The mix of people assembled in the venue is almost equally strange – eyelinered teenage girls, portly white-haired fiftysomethings with Cure T-shirts, male indie obsessives in thick-rimmed glasses, soberly-dressed husbands and wives enjoying a night of freedom from the kids… They all have at least one thing in common with each other and with me, though – a love of the idiosyncratic genius that is Mark ‘E’ Everett.

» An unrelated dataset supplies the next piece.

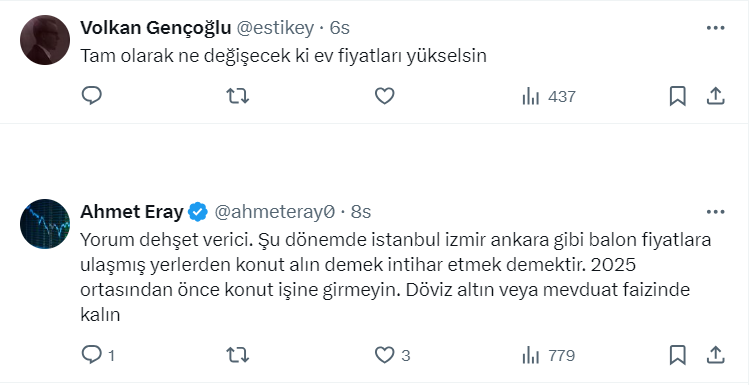 Gayrimenkul Uzmanı Murat Gültekin'in paylaşımına gelen yorumlar şu şekilde:

For a man who looks as though he has serious issues just venturing out of his bedroom, E makes an incongruously grand entrance – as his band The Eels crank out the thudding riff to ‘All In A Day’s Work’, the opening track on new album Shootenanny!, a torch picks him out at the back of the room as he makes his way to the stage before ripping into three songs I’ve never heard before. When the familiar stuff hits, it’s evident that – at least initially – they’re in no mood for delicacy. 2001’s Souljacker LP (for the most part a collaboration with Koool G Murder, aka John Parrish, who plays bass tonight) revealed a new more sinister side to E’s songwriting, and it’s consequently unsurprising that the voodoo rock of ‘Dog Faced Boy’ and ‘Souljacker Pt 1’ is more satisfying than the likes of ‘Packing Blankets’. ‘I Like Birds’ and breakthrough hit ‘Novocaine For The Soul’ are both reinvented along the same lines as recent single ‘Saturday Morning’, as wired, upbeat pop-rock songs. Of the newest material, ‘Numbered Days’ and ‘Love Of The Loveless’ (with which they end the main set) sound particularly impressive.

The real gems, though, are reserved for the encores, of which there are three – E thanks us for playing the game of “celebrity cat and mouse” for applauding and encouraging them back on. It is here that the rock mask slips, to wonderful effect. In the first encore, sandwiched between ‘Rock Hard Times’ and ‘Grace Kelly Blues’, we get the one song I’ve been praying for, ‘It’s A Motherfucker’ from the Daisies Of The Galaxy album. Short, simple, understated and effortlessly heartwarming, it’s what E does best and what marks him out as quite such a talent. In the second encore, they finally play ‘All In A Day’s Work’ in its entirety with vocals, and then, with neat and effective symmetry, Shootenanny’s closing track ‘Somebody Loves You’. In the third we get just E and his keyboard for an unexpected rendition of the gorgeous and touchingly naïve ‘Beautiful Freak’ which somehow blows everything that has gone before out of the water.